In this paper we have demonstrated a long-lasting effect of perinatal exposure to L-tryptophan on the blood D-glucose profile of male rats during the young and adult phases. On established primary cell lines, the expression of PERIOD1 protein after serum shock synchronization were different between L-tryptophan and undernourished saline groups with their controls. However, the capacity of colonization at seeding was left unchanged suggesting that developmental metabolic programming related to longevity was not reversed by our tryptophan supplementation.

Materials and Methods

Studies on rats were realized according to the rules of the Nantes animal experimental unit (in compliance with the European Communities Directive of 24 November 1986 (86/609/EEC) and the Principles of laboratory animal care (NIH publication no. 85–23, revised 1985)). The protocol was approved by the « Comité d’éthique pour l’expérimentation animale, Pays de la Loire, France » under number 06 (March 20th, 2011; CEEA.2010.38). Animals were euthanized by carbon dioxide exposure.

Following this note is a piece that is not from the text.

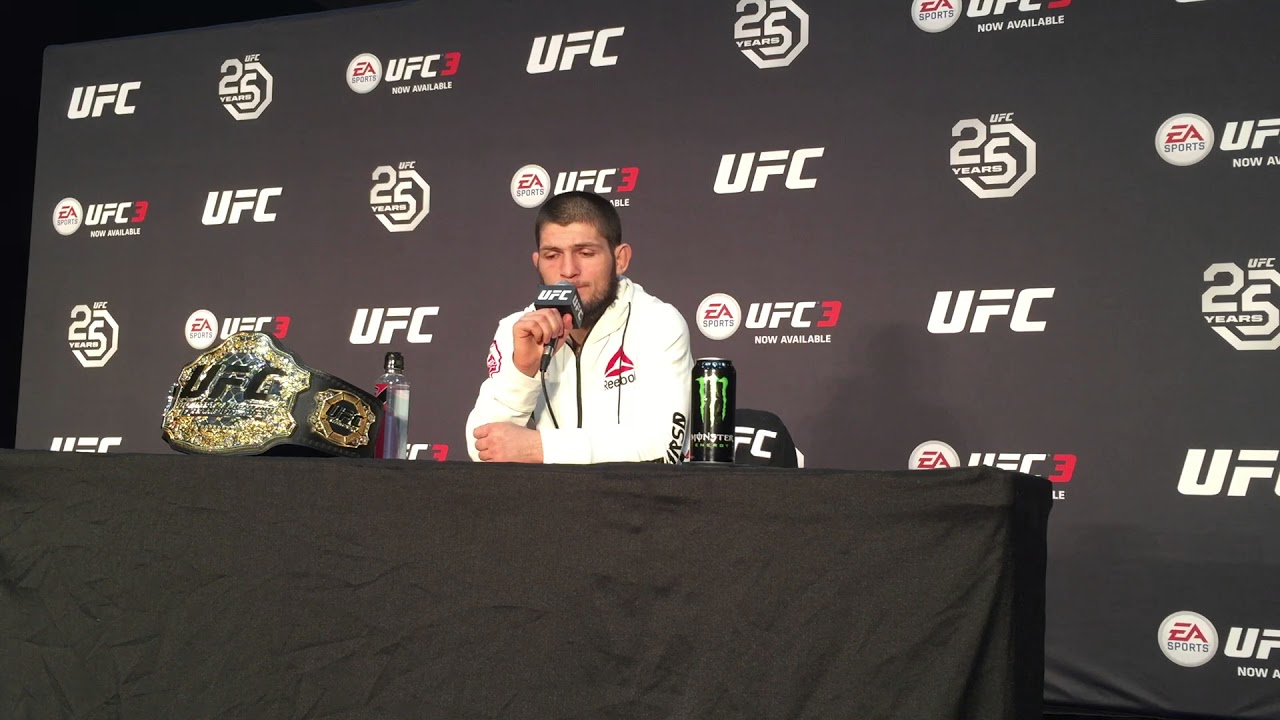 The new UFC lightweight champion Khabib Nurmagomedov who was addressing the media at UFC 223 of his title win over Al Iaquinta, a fight against Georges St-Pierre and Conor McGregor, McGregor’s bus attack, what’s next, and much more.

Diet, Animal Care and Experimental Design

Ten virgin female Wistar rats were used at the beginning of study (8 weeks, weighing 200–224 g purchased from Janvier, Rennes, France). On arrival, the rats were housed either under a photoperiod 12 h light/dark cycle (lights on at 08∶00 to 20∶00 h) or a 12 h dark/light (period from 20∶00 to 08∶00 h) reversed cycle. All handling during the dark period was done under dim red light (<2 lux), in a temperature-controlled (21±1°C) and air conditioned housing room (relative humidity: 60±10%). Animals were kept undisturbed for 2 weeks for adaptation. After confirmation of mating by visualization of spermatozoa in vaginal smears, the dams were housed individually and randomly assigned as low-protein (LP) and control (CP) groups. During all experiments, the animals were maintained with diet and water ad libitum. The composition of diets is shown in Table 1. Isocaloric (18 g% protein) or low-protein (8 g% of protein) diets were offered during gestation and lactation. Timing of delivery, litter size and pup weight were recorded at birth.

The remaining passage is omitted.